Output all the data exactly. Pictures do not belong in the copy.

Data block
↓

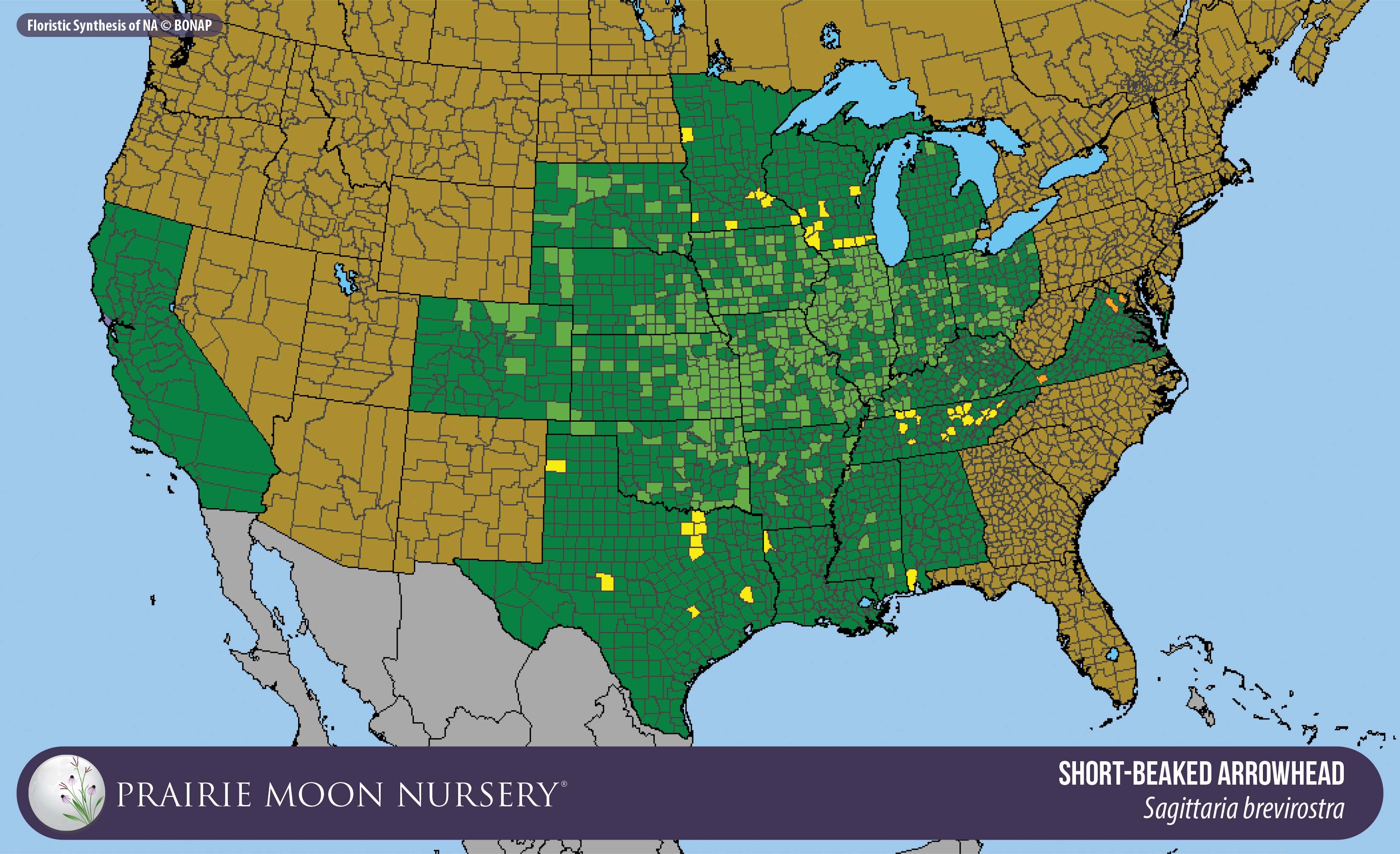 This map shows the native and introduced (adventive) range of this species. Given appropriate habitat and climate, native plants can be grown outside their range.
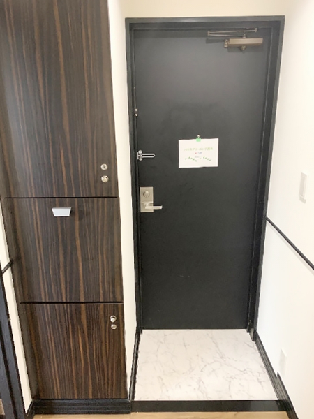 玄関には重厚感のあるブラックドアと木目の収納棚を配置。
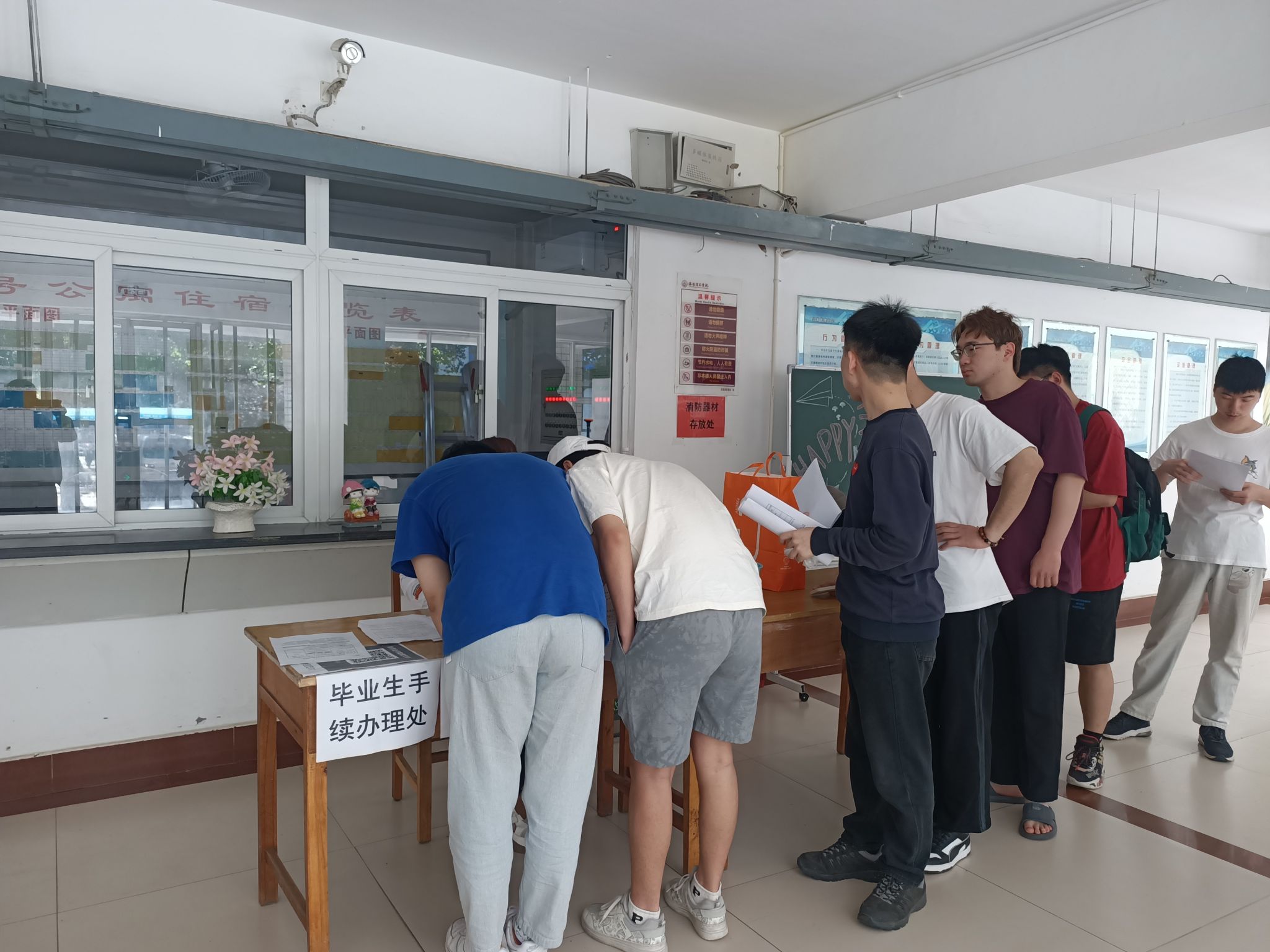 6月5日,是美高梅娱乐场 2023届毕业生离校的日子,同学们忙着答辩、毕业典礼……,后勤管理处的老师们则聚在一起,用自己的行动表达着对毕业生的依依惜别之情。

↑

Output for this task
 This map shows the native and introduced (adventive) range of this species. Given appropriate habitat and climate, native plants can be grown outside their range.
 玄関には重厚感のあるブラックドアと木目の収納棚を配置。
 6月5日,是美高梅娱乐场 2023届毕业生离校的日子,同学们忙着答辩、毕业典礼……,后勤管理处的老师们则聚在一起,用自己的行动表达着对毕业生的依依惜别之情。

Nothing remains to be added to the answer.